Wise Women’s Wonder Tales. Governesses were known to use fables and fairy tales for female education. Like Maud’s Butterfly Fables, such tales were often full of wonder, wisdom and warning to women. A governess, Madame Le Prince de Beaumont, published educational guides for young ladies. Her Moral Tales (1744 and 1776) became famous handbooks and included Beauty and the Beast. Louisa May Alcott, best known for Little Women, wrote Flower Fables (1860) to instruct and entertain Ellen Emerson, the daughter of Ralph Waldo Emerson, while author and illustrator Cicely Mary Barker ran a kindergarten with her sister, upon whom the children who attended she modelled her famous Flower Fairies (1925).

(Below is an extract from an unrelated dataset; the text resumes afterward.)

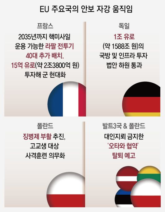 특히 EU 최대 경제대국인 독일 의회는 같은 날 최대 1조 유로(약 1590조 원) 규모의 국방 및 인프라 투자 계획을 담은 법안을 통과시켰다. 프랑스 또한 핵미사일의 운용이 가능한 라팔 전투기 40대를 추가 배치하고 15억 유로(약 2조3800억 원)를 군 현대화에 투자하기로 했다. 우크라이나와 국경을 맞댄 폴란드, 발트 3국(에스토니아·라트비아·리투아니아)은 러시아의 군사 위협에 맞서겠다며 1997년 체결된 대인지뢰 금지 협약 ‘오타와 협약’을 탈퇴하겠다고 예고했다.

Beautiful British Butterflies. In Maud’s era, many species of butterflies fluttered across British landscapes. Butterfly-catching was a popular hobby. ‘The Butterfly Vivarium or Insect Home: being an account of a new method of observing the curious metamorphoses of some of the most beautiful of our native insects’, by Henry Noel Humphreys, published in London in 1858, became a best seller. Sadly, many British butterflies are now rarely sighted. The Swallowtail, Britain’s biggest butterfly, is threatened with extinction due to salination of Britain’s lakes and marshes. The small tortoiseshell is also facing declining numbers.
You can learn more about butterflies from The Association for Butterflies (you can even attend Butterfly College) support Butterfly Education and Awareness Day (US) or aid their conservation in Britain by joining The Big Butterfly Count.

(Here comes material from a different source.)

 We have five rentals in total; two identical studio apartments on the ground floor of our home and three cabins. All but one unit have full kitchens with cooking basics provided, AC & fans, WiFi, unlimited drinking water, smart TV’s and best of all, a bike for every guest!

Read the Viva Vivarium to see beautiful images of a Victorian butterfly vivarium.
All Aboard! The West Cornwall Railway. Dominic’s background as a railway entrepreneur is set against the founding of the West Cornwall Railway Company. In the 1840s and 1850s, this railway company was formed by local businessmen and men of standing in the community, offering new economic hope to Cornwall. Dominic’s passion and energy for the railway captures the pride emerging in Cornwall at that time. Its heritage remained in the form of the Cornish Riviera Express – one of the railway wonders of the world. For a romantic getaway you can still catch the Night Riviera sleeper to Cornwall.

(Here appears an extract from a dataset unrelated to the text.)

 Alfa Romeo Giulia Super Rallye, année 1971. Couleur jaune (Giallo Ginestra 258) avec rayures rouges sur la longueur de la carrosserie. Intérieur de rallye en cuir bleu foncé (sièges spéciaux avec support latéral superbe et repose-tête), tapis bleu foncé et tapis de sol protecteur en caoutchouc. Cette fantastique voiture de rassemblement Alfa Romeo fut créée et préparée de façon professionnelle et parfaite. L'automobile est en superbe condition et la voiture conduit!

Sensual Saffron. Saffron has been grown in Cornwall for centuries, and has long been used to flavour its local cuisine, not least its famous saffron buns. The brightly coloured orange-red stigma of the crocus flower, saffron turns to gold when cooked, and because of the necessity to harvest the spice by hand, it is worth its weight in gold too. A natural aphrodisiac, saffron has been used in marriage customs. Rather than rose petals, the marriage bed was once sprinkled with strands of saffron, to ensure happiness and good fortune.
Interwoven into the story is Tennyson’s poem ‘Maud’. (1855). Full of desire and conflict, it is the inspiration for Maud and Dominic’s story, which fortunately for them ended happily ever after.